▶ [Problem statement]: Everything from the line that has "En la década" to the last line of the listing must be repeated exactly, and nothing more; omit the pictures.

▶ [Dataset records]:
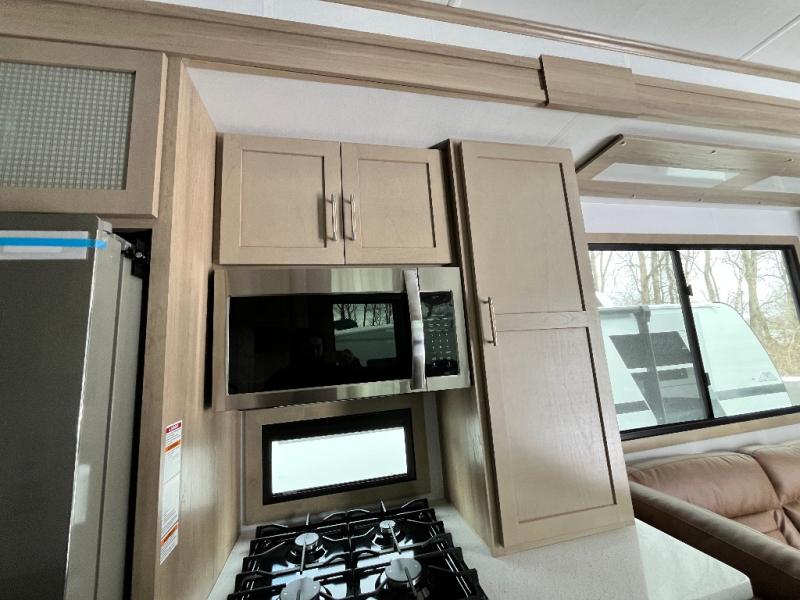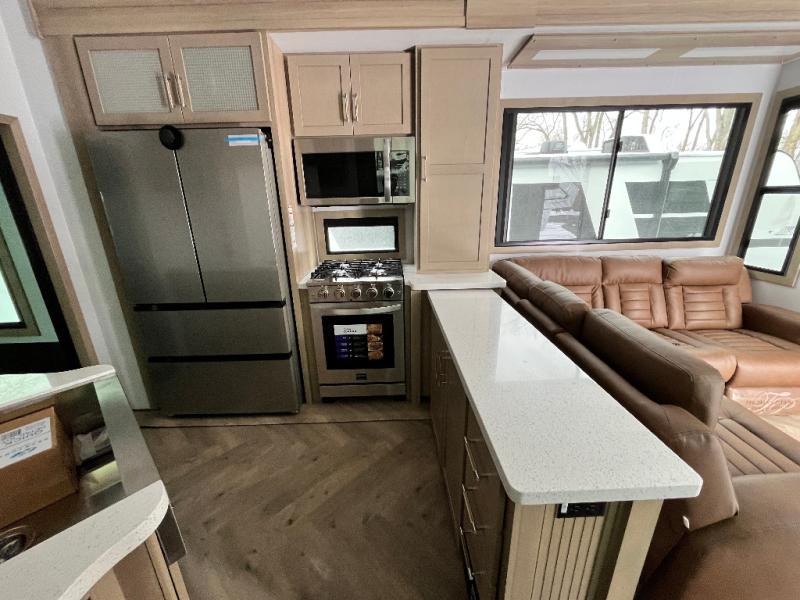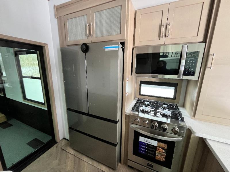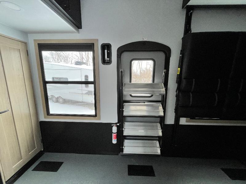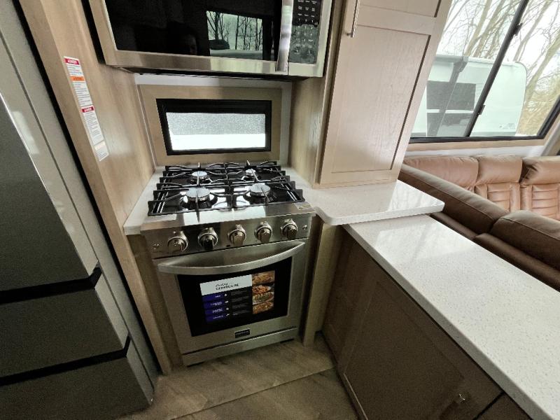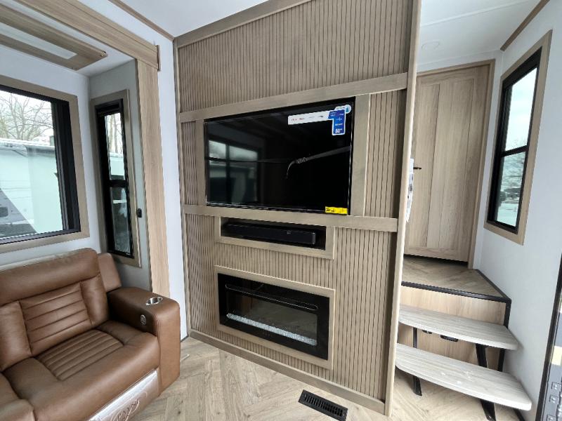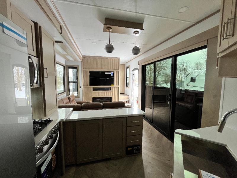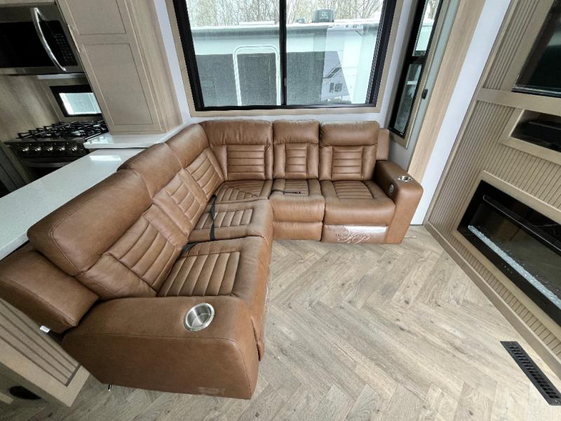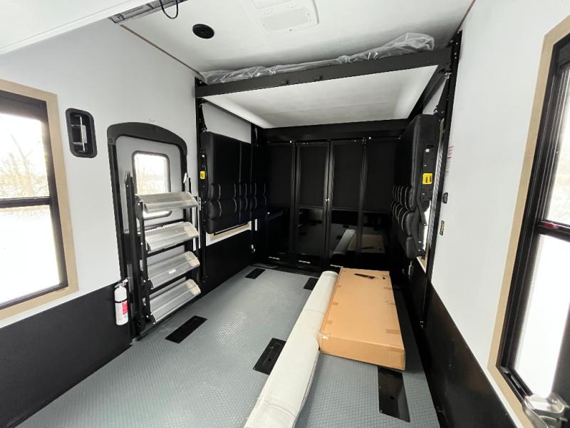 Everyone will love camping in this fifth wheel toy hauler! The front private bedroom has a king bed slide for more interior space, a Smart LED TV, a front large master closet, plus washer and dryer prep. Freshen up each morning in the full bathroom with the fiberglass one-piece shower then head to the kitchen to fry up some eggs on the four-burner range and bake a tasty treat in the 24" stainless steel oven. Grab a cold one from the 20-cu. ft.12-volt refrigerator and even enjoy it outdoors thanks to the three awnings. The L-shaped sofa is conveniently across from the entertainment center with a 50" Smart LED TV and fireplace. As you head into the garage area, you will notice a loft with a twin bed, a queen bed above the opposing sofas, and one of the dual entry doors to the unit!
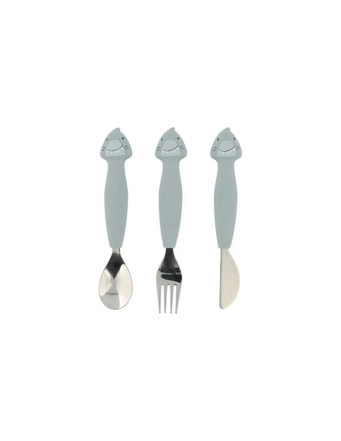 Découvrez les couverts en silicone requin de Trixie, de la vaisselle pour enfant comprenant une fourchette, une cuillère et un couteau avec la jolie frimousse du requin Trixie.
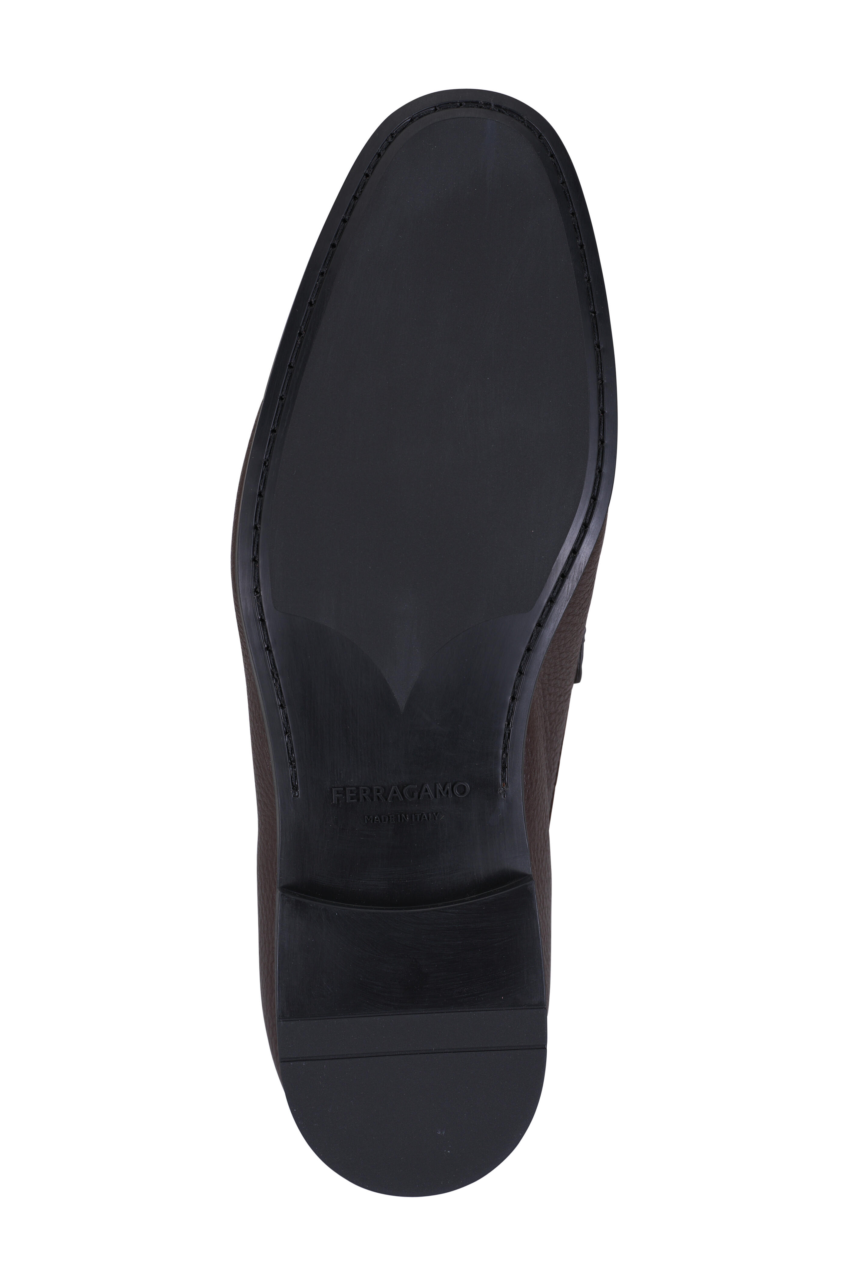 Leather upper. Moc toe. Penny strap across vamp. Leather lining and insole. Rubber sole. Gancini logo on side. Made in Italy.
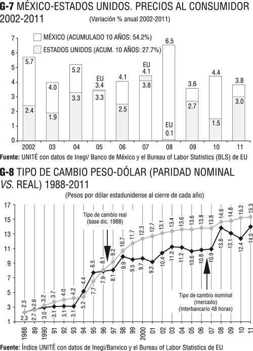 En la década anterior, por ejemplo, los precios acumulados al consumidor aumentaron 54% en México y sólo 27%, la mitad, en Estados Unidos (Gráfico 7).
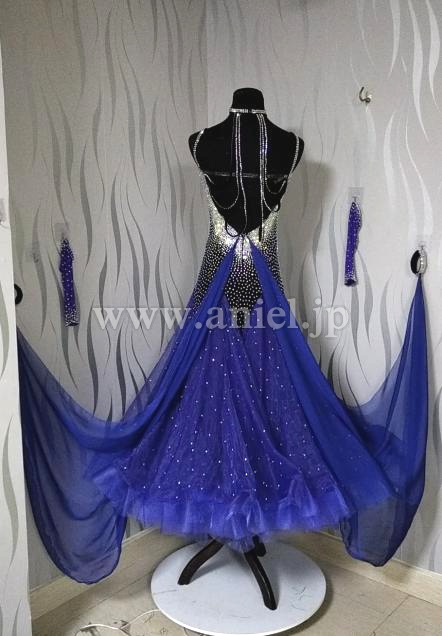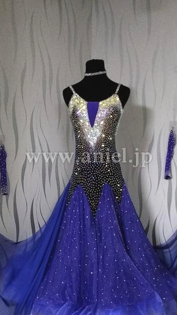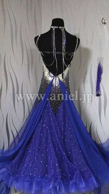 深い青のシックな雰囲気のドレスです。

▶ [Task solution]:
 En la década anterior, por ejemplo, los precios acumulados al consumidor aumentaron 54% en México y sólo 27%, la mitad, en Estados Unidos (Gráfico 7).
 深い青のシックな雰囲気のドレスです。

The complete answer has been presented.